Monday, January 16, 2012

have a uni gathering with the Raven CC gang.. is an AGM at Praleum Wine Bistro at 4 Duxton Hill. dinner was alright. drank 1 Stella Artois and 2.5 pine of Hoegaarden. think i'm just trying to get myself drank to feel less..

a deadline that i'm setting for myself and this will be a final deadline for everything.. 28-Jan-2012.. a date which suppose to be special and meaningful in another sense, but this time, it will be meaningful too. After 28-Jan-2012 23:59:59, i will start dreaming, wishing and whatsoever.. i will be awaken from every single things.. after that date and time, is a rational and wake-up time, to live my life without a man.. to live my life alone but for what purpose, i still don't know.. life now seem so meaningless and of no purpose. i wished to start afresh on that special date which once means that much to us for us. but after tonight, i'm slapped awake. this can never be possible. i cant even talk to you, i cant ever dare to establish eye contact with you. i feel like you are so near but there are just walls between us..

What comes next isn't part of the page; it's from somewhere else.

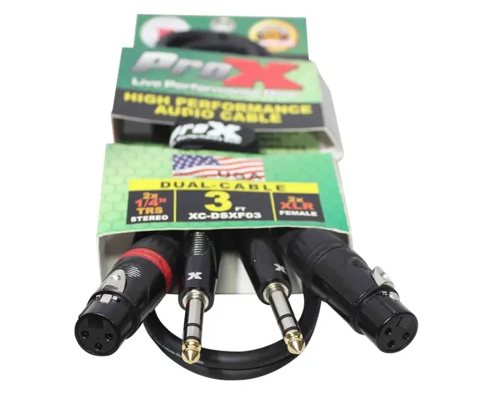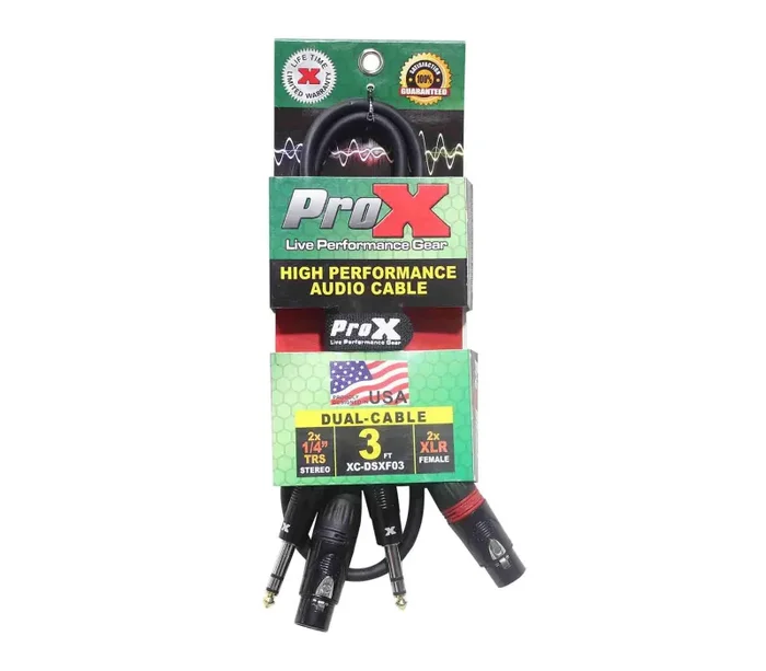 The Prox XC-DSXF03 is a Balanced Dual 1/4″ TRS-M to Dual XLR3-F High-Performance Audio Cable – 3 Feet is ideal for professional touring and live sound applications where a device with a dual TRS output/input needs to be connected to a device with a dual XLR3-F Balanced output/input. 20AWG Oxygen-Free Copper (OFC) conductors for maximum signal transfer. ProX cables are built with uncompromised quality with excellent performance at each connection – Instrument cables, Speaker cables, RCA cables, DMX cables, Power cables and more. Our cables are made for professionals, by professionals.

cutting off everything from every single one.. starting from 28-Jan-2012 23:59:59.. whoever wants to come into my isolated world, you got to crack that layers of walls to get in cause this time, i will not make any more effort to do anymore things extra for anyone.. and this time, without any turning back or mercy.. i must be tough to myself. this time, i will throw abt all the past, all the poly days, all the uni days, all the aussie days, all the sg days and also include all those GSK days.. every single one of it.

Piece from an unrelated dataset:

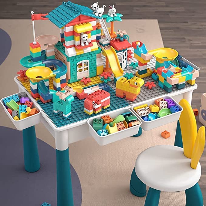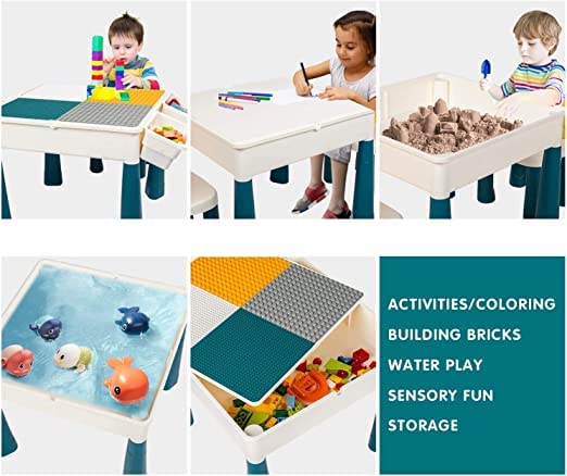 Dreamons link Kids Multi-Functional Educational Block Table and 1 Chair Set – Kids Multi Activity Building Block Table with Storage; kids study table and chair

or probably starting from tmr, all contacts are all cut.. all contact point unless deem necessary by me. since 28th is so near already, less than 2 weeks, probably is the time to get use to all.. ignore all and reject all.. u can never be happy with me anymore so leaving you is a better and fairer option.. is tough and heart-aching but i think is a wiser choice that i could make for u.